A couple of years ago on a visit to New York, I was taken on a guided tour of New York’s financial district by an ex-Deutsche Bank bond trader who now specialised in showing people the buildings which told the story of the 2008 financial collapse.
The tour ended with the guide producing a diagram of the world’s tallest buildings, accompanied by the fact that a financial crisis occurred in the midst of the building of each - the Great Depression of the 1930s was underway as the Empire State Building finished, and similar financial crises accompanied the completion of Chicago’s Sears Tower, Kuala Lumpur’s Petronas Towers and, of course, Dubai’s Burj Khalifa.
I was reminded of this last week when the Council on Tall Buildings and Urban Habitat produced its report stating that the UAE had the ‘vainest’ skyscrapers of any nation in the world.
It measured what it described as the ‘vanity height’ of buildings - the amount of non-occupiable space at the top of buildings. Of the ten towers with the most ‘vanity height’ in the world, Dubai had five, with the Burj Khalifa coming top with 244m - 29% of its 828m height - described as non-occupiable.

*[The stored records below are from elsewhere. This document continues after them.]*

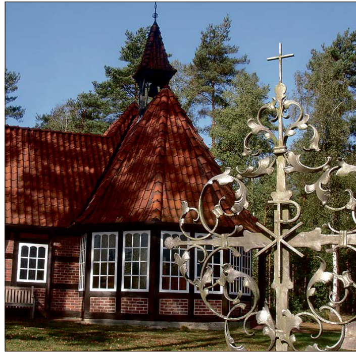
Auf dem Müdener Friedhof geht an Himmelfahrt die Auftaktveranstaltung zum Projekt „Landschaftswerte - Biodiversität auf kirchlichen Friedhöfen“ über die Bühne.

„Voraussetzung für die Teilnahme am Projekt war die Einführung des Kirchlichen Umwelt-Management-Systems ‚Grüner Hahn‘. Im Februar erfolgte die Umsetzung aller Auflagen und seitdem kann die Kirchengemeinde den Friedhof nun mit diesem Zertifikat zieren“, so Ziedorn weiter. „Das Projekt der Biodiversität ist nun langfristig angelegt und wird im Blick auf den Lebensraum für Insekten, Kleintiere und heimische Pflanzen gestaltet. In dieser Zeit wird es einige Veränderungen auf den Friedhof geben, denn neue Formen der Bestattung werden geschaffen, aber den Charakter des Friedhofes gilt es zu erhalten.“ Der Müdener Friedhof sei, so Ziedorn, „schon längere Zeit in Richtung Biodiversität unterwegs“ - unter anderem mit dem „Kerkbusch“ mit dem Meditationsweg zu Psalm 23.
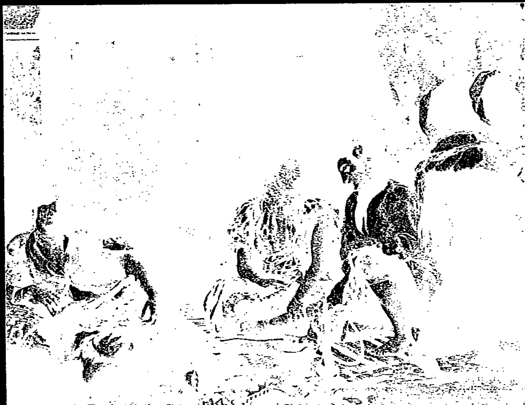
FEMMES D'ALGER DANS LEUR APPARTEMENT, PAR EUGÈNE DELACROIX (1834)
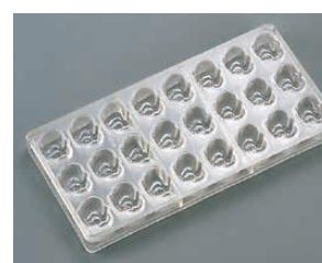
⑬ チョコレートモルド クラウン 24PCS DRC-1028 〈WTY-80〉1-1071-1301 ¥8,600 275×135×H24 できあがり容量:約9g
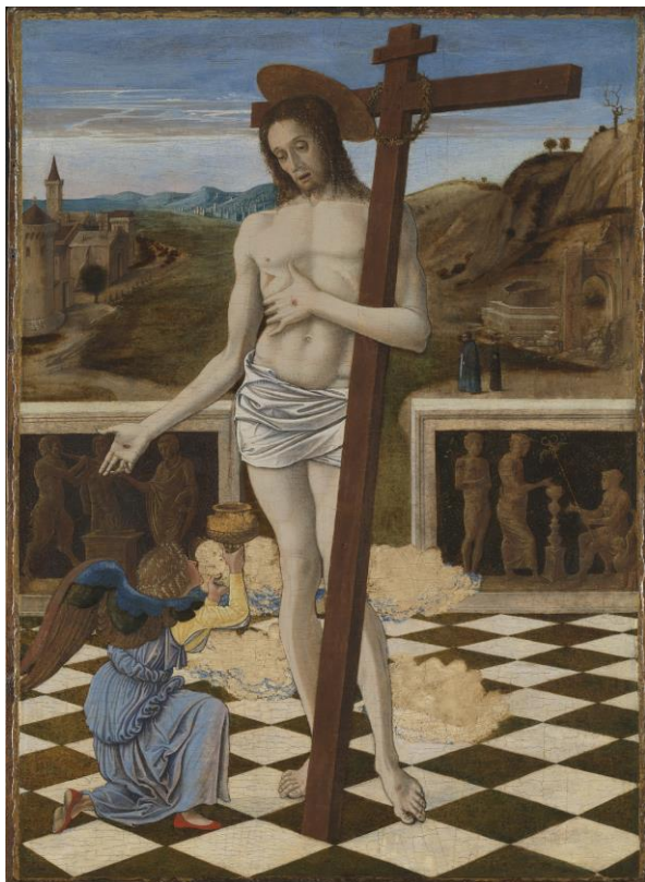
Giovanni Bellini, Das Blut des Erlösers, um 1460-65, Pappelholz, 47 x 34,3 cm

In den Sammlungen der Gemäldegalerie und der National Gallery sind Werke von Mantegna und Bellini in außergewöhnlich großer Zahl und Qualität vorhanden. Die Bestände umfassen Meisterwerke der beiden Künstler aus allen Schaffensphasen. Zudem beherbergen das Kupferstichkabinett der Staat-
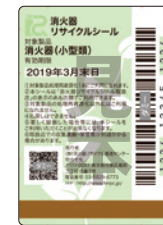
既製品用シール (見本)
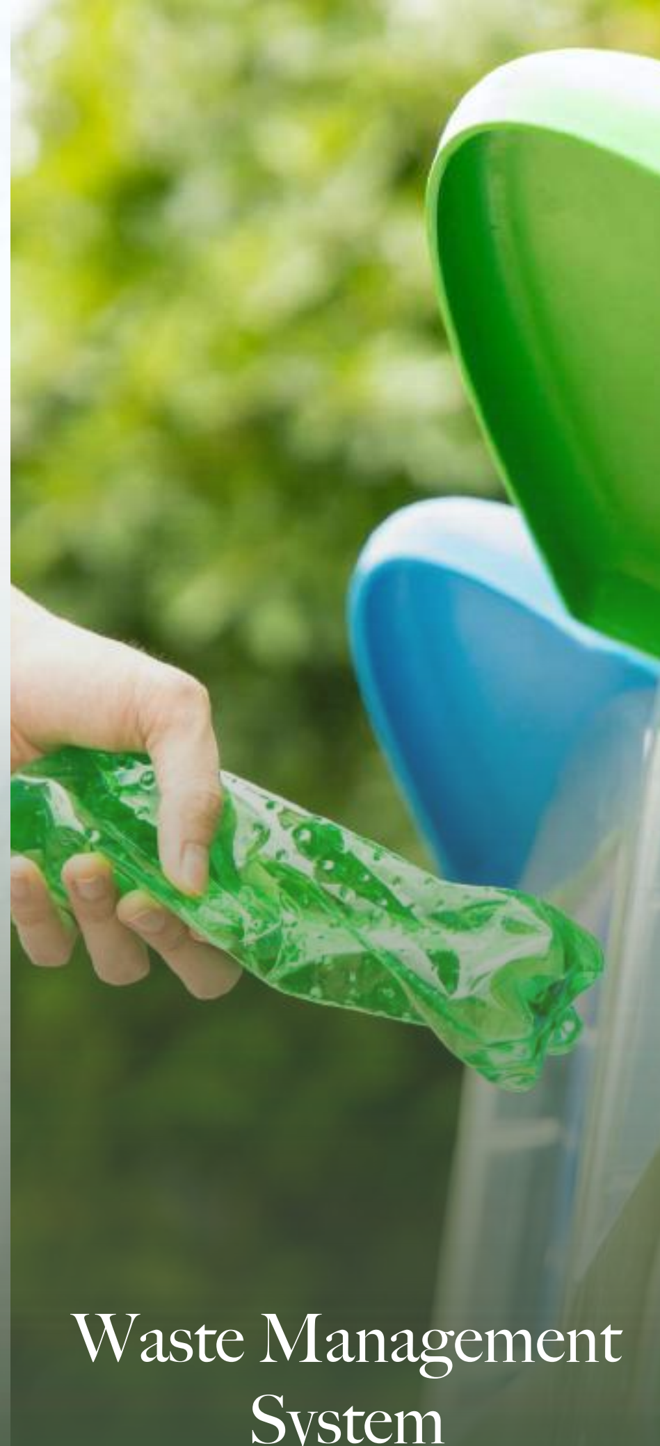
Waste Management System
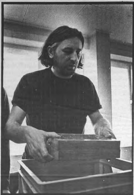
Op de zevende dag schiepte god papier

Decoster: «Het doet er niet toe of ze er helemaal in slagen om de werken te assimileren. Ik vind het belangrijker dat ze er onbevooroordeeld naar kijken en dat het reactie bij hen loswekt. De discussie die daaruit voortvloeit helpt je op weg. Kunst is geen oplossing. Je moet geen pasklare ant-
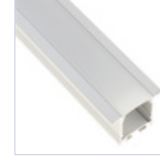
56696 PROFILO INC FONDO CARTONGESSO
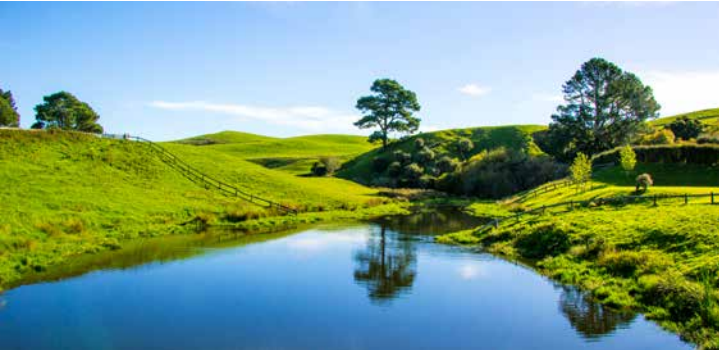
Hobbiton-Filmlandschaft aus „Herr der Ringe“

Dubai’s other signature building, Burj Al Arab, had the highest percentage of non-occupiable space of any tower, at 39%.
The conclusion meant to be drawn from the report is that the towers - both Emirates Towers also made the list - were built to be taller than necessary so are therefore somehow ‘wasteful’.
But isn’t the whole point of skyscrapers to be tall - and in the best cases, imposing?
Dubai also had one of the most efficient towers in the world in terms of usable space - the Foster & Partners-designed Index Tower at Dubai International Financial Centre. Although not exactly ugly, this isn’t the one you see tourists trying to squeeze into a photo.
To take these buildings and boil them down to space ratios not only ignores their impressiveness but also the contribution they make to the surrounding area.
As Steve Watt from consultancy Alinea told Reuters, towers can act as “loss leaders but catalysts for regeneration."
Emaar knows only too well the benefits that the Burj Khalifa has brought, making it the centrepiece of Downtown Dubai, which is already a spectacular piece of placemaking and is continuing to be added to with schemes like the Burj Vista, The Address The BLVD and The Address Residences Sky View.
Jumeirah Group, too, has leveraged the Burj Al Arab - a building which may never pay its way in isolation, but which has proved to be a backdrop for investment in surrounding assets like the Jumeirah Beach hotel and the expansion of the Madinat Jumeirah complex.
Perhaps the greatest contribution that the buildings have made, though, is to Dubai itself. In the tourist souks and shops, the T-shirts and little replica statues featuring the towers are the things that tourists take back to their homes as the most identifiable symbols of the emirate.